Member of the Gilgit-Baltistan Assembly
- In office 2015 – 5 February 2020
- Constituency: GBA-24 Ghanche-III

Personal details
- Died: 5 February 2020 Islamabad, Pakistan
- Party: Pakistan Muslim League (N)
- Children: Asad Shafiq (son)

= Mohammad Shafiq (politician) =

Pakistan politician (died 2020)

Mohammad Shafiq (died 5 February 2020) was a Pakistani politician from Gilgit-Baltistan belonging to Pakistan Muslim League (N). He was a member of the Gilgit-Baltistan Assembly. He was a minister of the Government of Gilgit-Baltistan too.

==Political career==
He contested the 2004 Northern Areas Legislative Council election from NA-24 Ghanche-III as a candidate of Pakistan Muslim League (Q), but was unsuccessful. He was defeated by Muhammad Ismail, a candidate of Pakistan People's Party (PPP).

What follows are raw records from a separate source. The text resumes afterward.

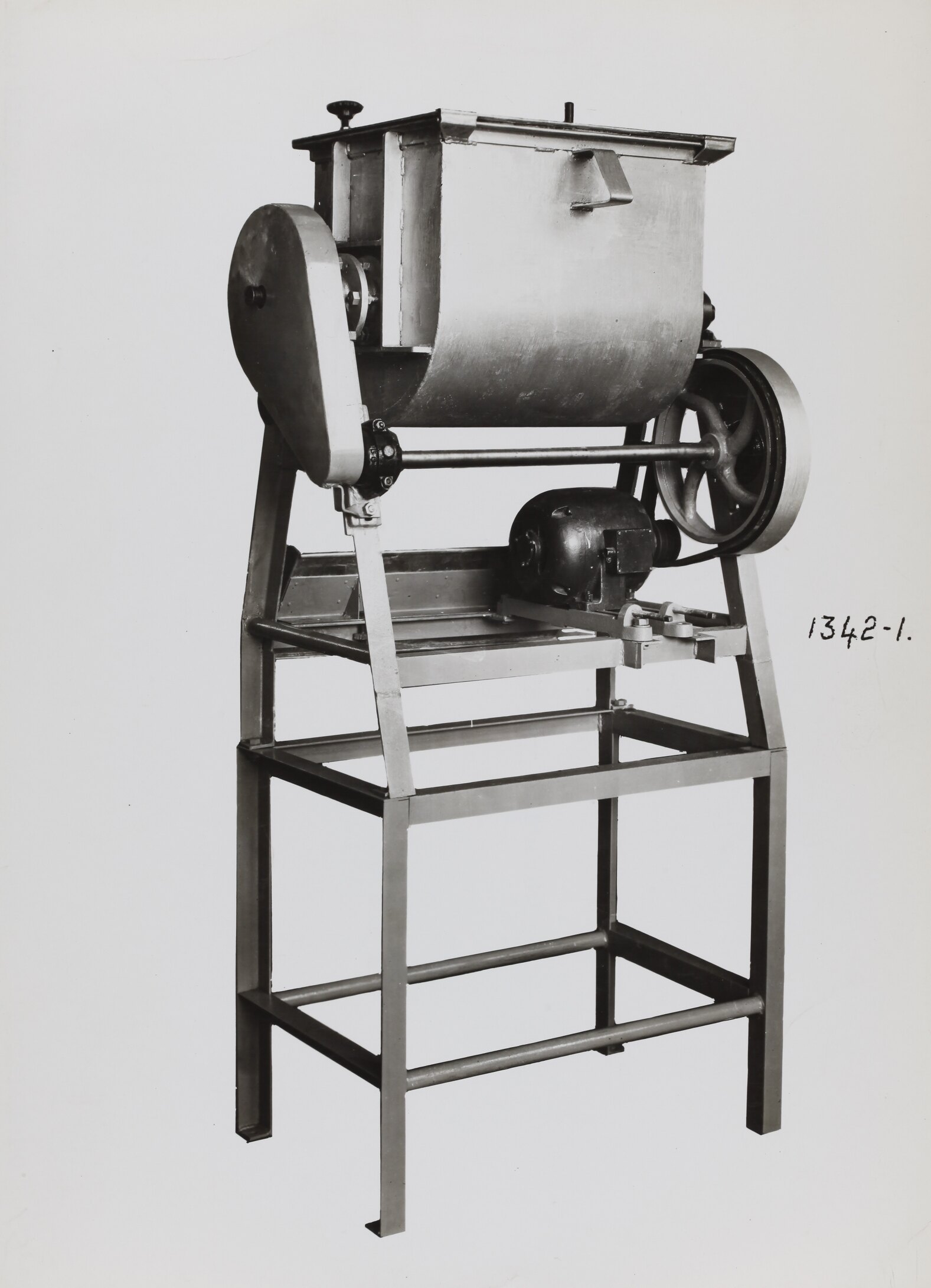 Hand written in black ink on front of photograph: '1342-1.' Printed in red ink on back of photograph: 'OFFICE COPY' Printed in black ink on back of photograph: 'PHOTO FILE NO / SECTION / JELLY CRYSTAL MIXER --- SUPPLIED / TO OR. -- 1945' Hand written in grey pencil on back of photograph: '15 / No'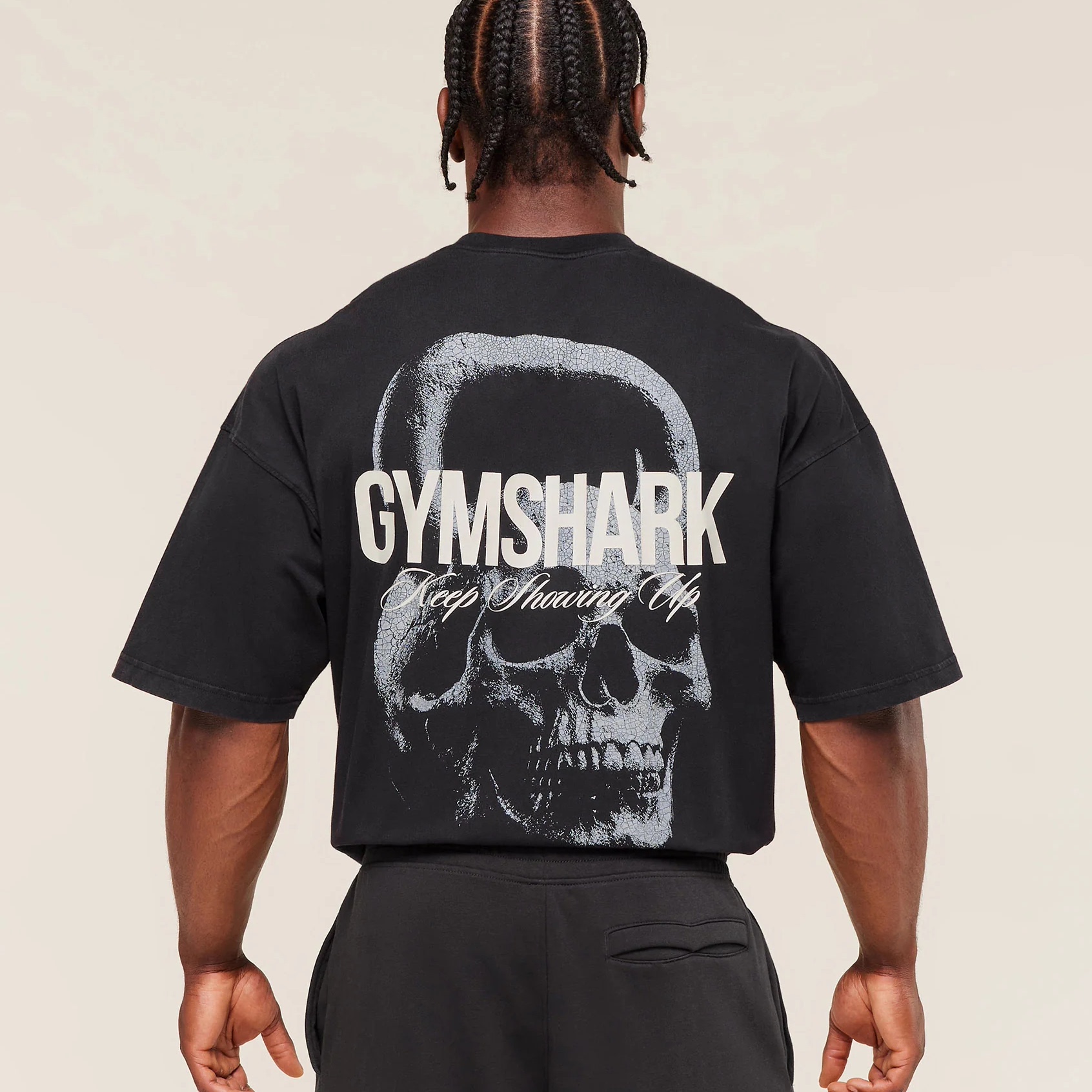 GYMSHARK鲨鱼健身宽松重磅棉短袖T恤男女美式运动骷髅壶铃五分袖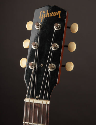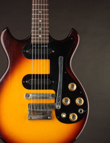 This is a very nice playing and sounding version of the second iteration of the Melody Maker, with Gibson moving from the single-cutaway version in 1961 to this double-cutaway version you see before you. Nearly identical in construction otherwise, these mid 60s examples really only have one construction change of note - the bridge! Gibson moved from the slanted 50s style wraparound to the "lightning bar" compensated bridge, and often outfitted many of these with the option vibrola system.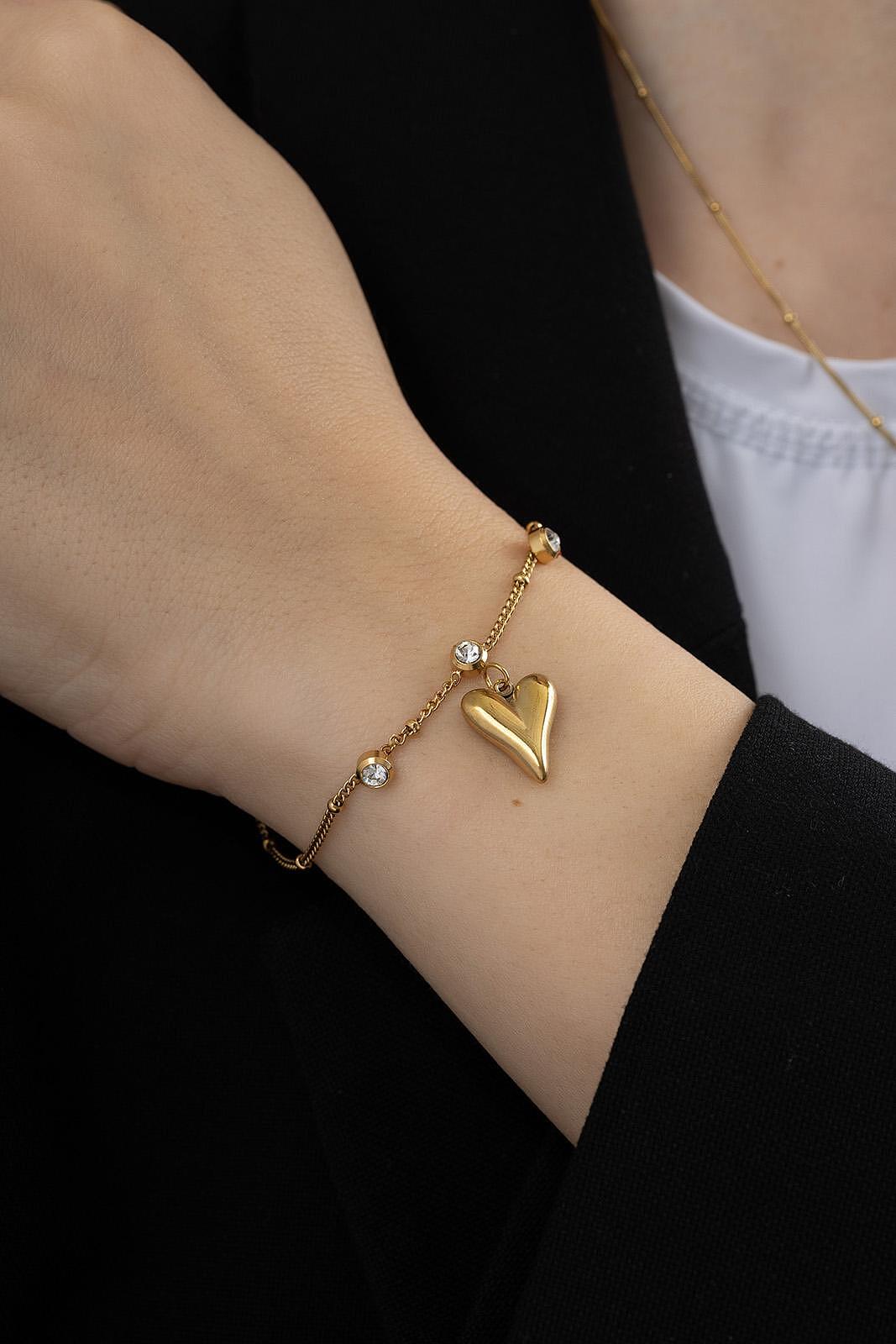 Елегантна златиста гривна с висулка във формата на сърце и бляскави камъни, перфектен романтичен аксесоар.

He contested the 2009 Gilgit-Baltistan Assembly election from GBA-24 Ghanche-III as a candidate of Pakistan Muslim League (N) (PML(N)), but was unsuccessful. He received 4,067 votes and was defeated by Muhammad Ismail, a candidate of PPP.

He was elected as a member of the Gilgit-Baltistan Legislative Assembly from GBA-24 Ghanche-III in the 2015 Gilgit-Baltistan Assembly election. He received 5,226 votes and defeated Muhammad Ismail, a candidate of PPP. Ismail challenged these results and on 4 June 2020, the Election Commission Gilgit-Baltistan (ECGB) posthumously de-notified Shafiq. This was due to a judgement by an election tribunal on 30 March 2020 and an order by the Gilgit-Baltistan Chief Court on 28 May 2020.

He served as the Minister for Mines and Minerals, Industries, Labour & Commerce and Food of the Government of Gilgit-Baltistan.

== Death ==
Shafiq died of cardiac arrest in Islamabad on 5 February 2020.